Exploring data (briefly)

Before you start…

Before starting this exercise, you should have had a brief introduction to using RStudio. If not, take a look at the Using RStudio worksheet.

How to use these worksheets
Loading a package
Loading data
Inspecting data
Calculating a mean
Dealing with missing data

How to use these worksheets

Throughout this worksheet, you’ll see the commands you should type into RStudio inside a grey box, followed by the output you should expect to see in one or more white boxes. Any differences in the colour of the text can be ignored.

Each command in this worksheet is followed by one or more explanation sections - those are there to help you understand how the commands work and how to read the output they produce.

Loading a package

First, we need to load a package called tidyverse. A package is an extension to R that adds new commands. Nearly everything we’ll do in this course uses the tidyverse package, so pretty much every project starts with this instruction.

Type (or copy and paste) the following from the grey box into the Script window of RStudio, starting at line 1. Now, with your cursor on line 3, press CTRL+ENTER (i.e. press the key marked ‘Ctrl’ and the RETURN or ENTER key together).
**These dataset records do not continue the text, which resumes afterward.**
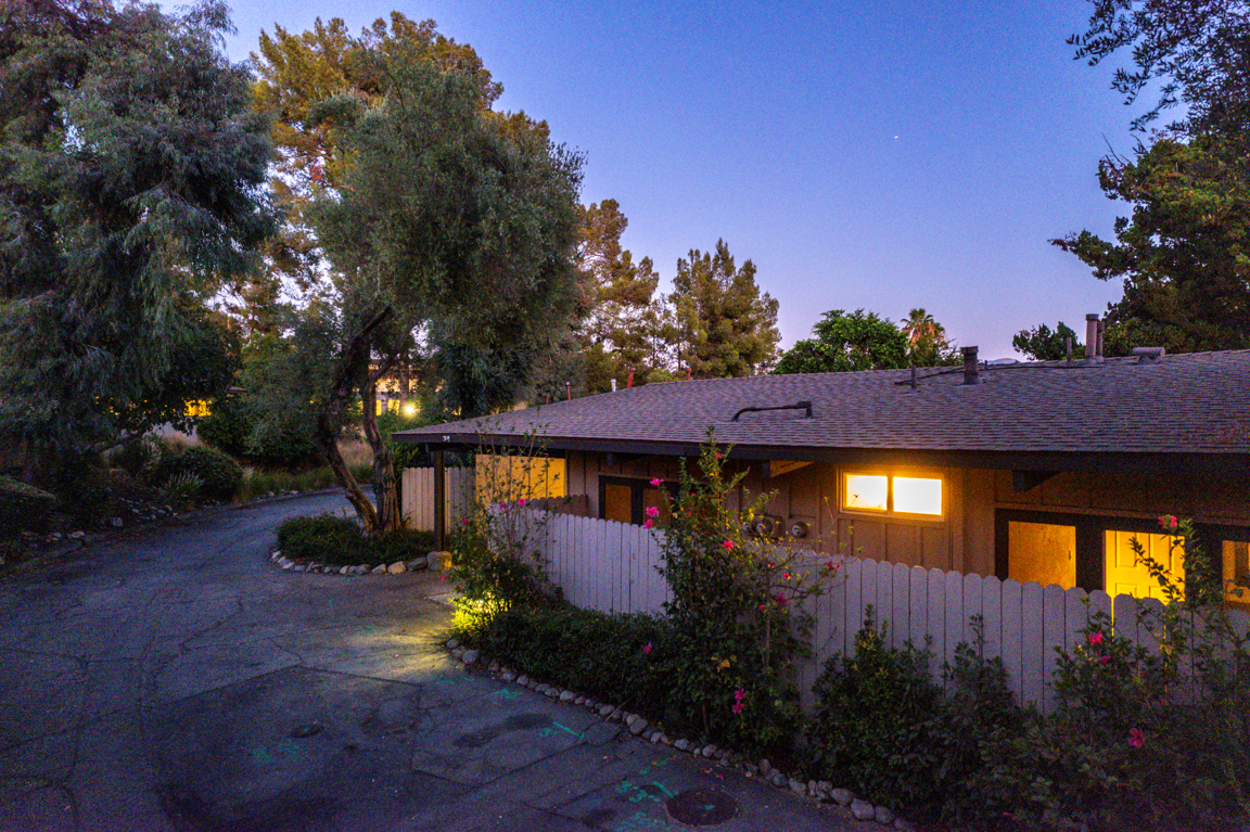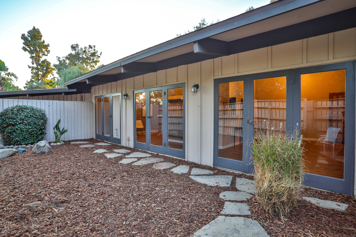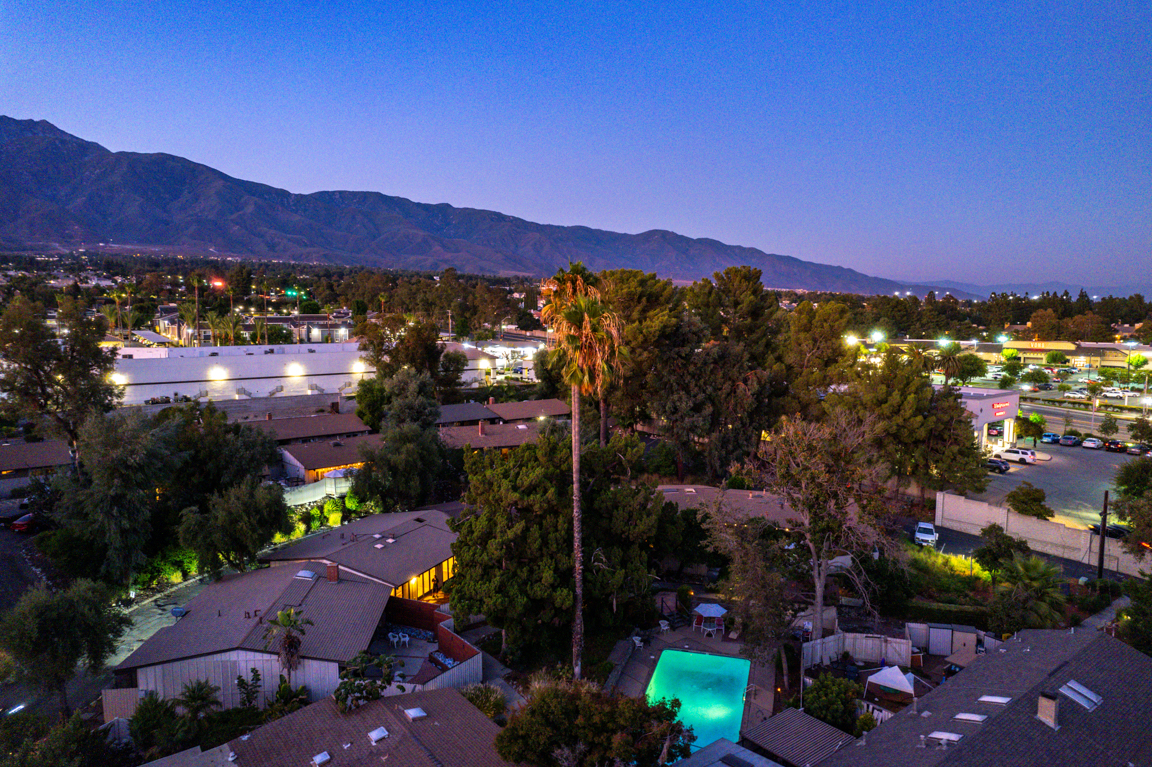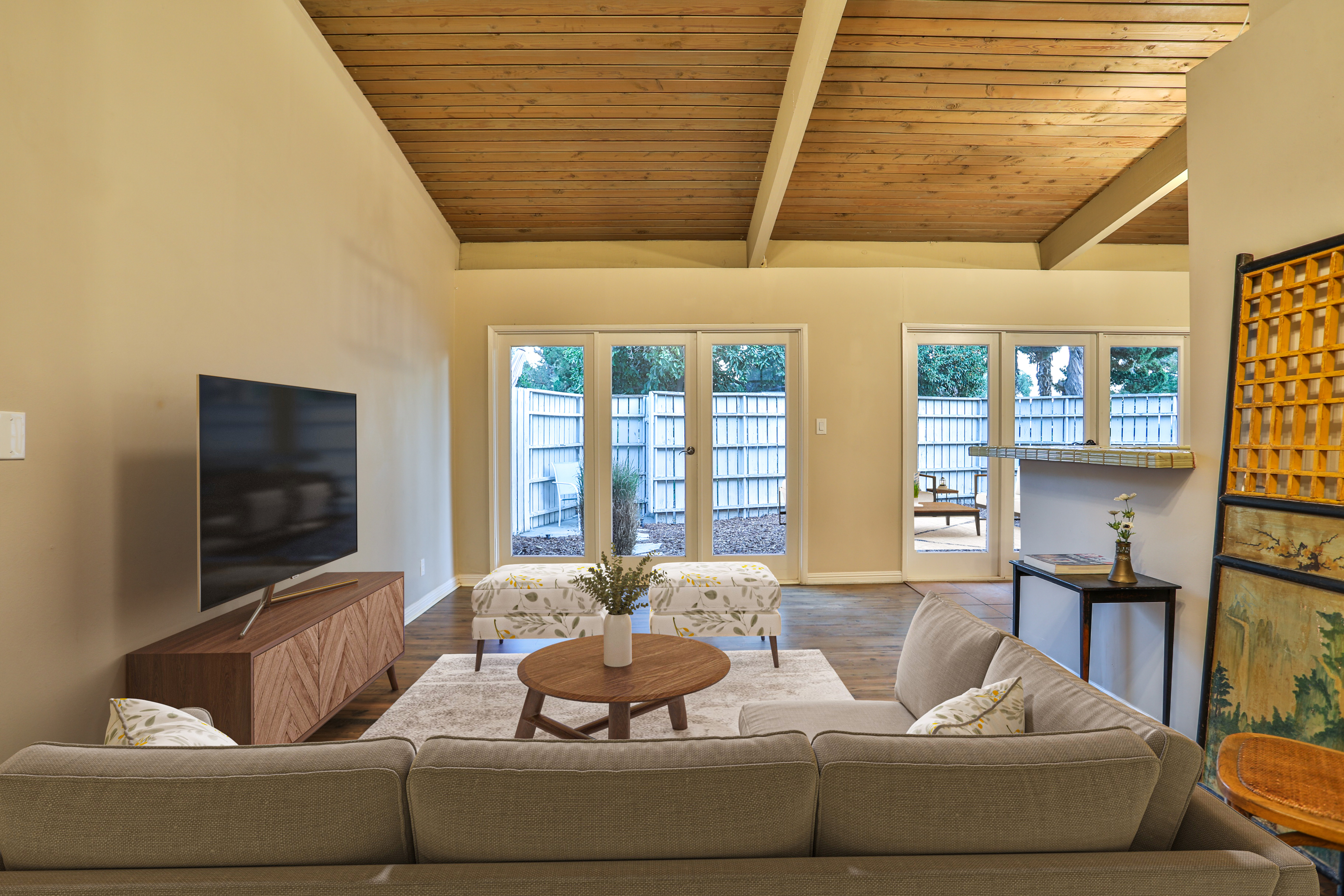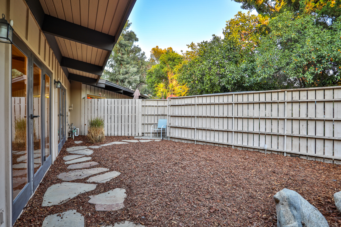 COVETED ALTA LOMA GARDENS MID CENTURY LIVING. Single story condominium on a spacious private elevated lot. Enjoy a sun lit open concept floor plan with high vaulted wood beamed ceilings plus wall-to-wall glass picture windows and clear glass doors. Kitchen with eating counter opens to dining and family living rooms. Spacious indoor laundry room. Includes carport, walk-in storage room, plus plenty of guest parking. Tranquil common grounds provide a community pool, giant trees, exotic plants, and ...
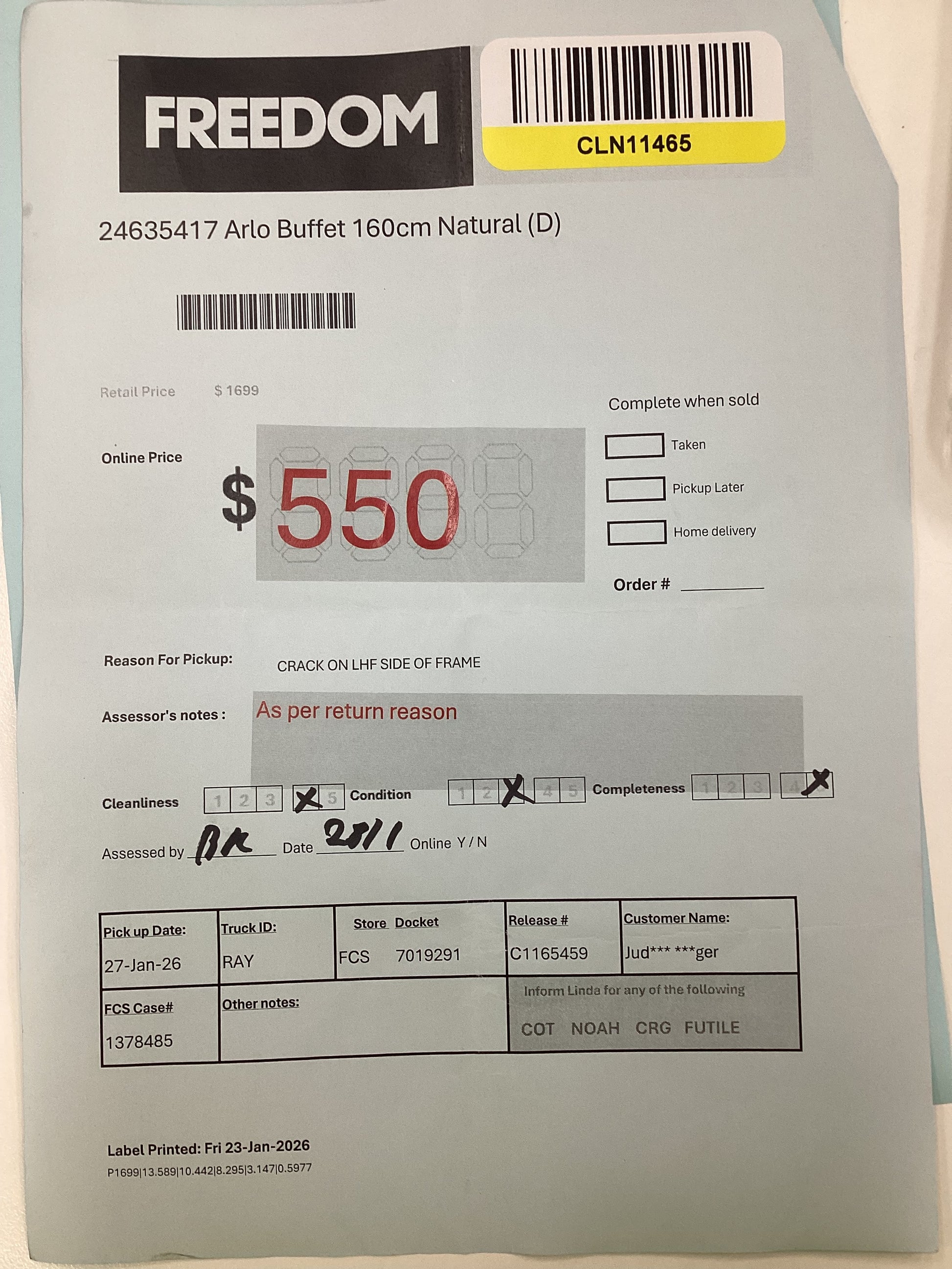 RETURN REASON:Â Crack on LHF side of frame
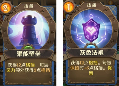 核心防御牌“圣光降临”,不仅能增加格挡,还可叠加灵力,极大地提升了叠加效率。

# Exploring data (briefly)
# Load package
library(tidyverse)

── Attaching packages ─────────────────────────────────────── tidyverse 1.3.2 ──
✔ ggplot2 3.3.6     ✔ purrr   0.3.4
✔ tibble  3.1.7     ✔ dplyr   1.0.9
✔ tidyr   1.2.0     ✔ stringr 1.4.0
✔ readr   2.1.2     ✔ forcats 0.5.1
── Conflicts ────────────────────────────────────────── tidyverse_conflicts() ──
✖ dplyr::filter() masks stats::filter()
✖ dplyr::lag()    masks stats::lag()

When you do this, line 3 is automatically copied to your Console window and run. Then, RStudio will print some text to the Console (shown in the white box, above). This text tells you that the tidyverse package has loaded (“attached”) some other packages (e.g. dplyr). It also tells you that the dplyr package changes the way some commands in R work (“conflicts”). That’s OK.

If you get an output that includes the word ‘error’, please see common errors.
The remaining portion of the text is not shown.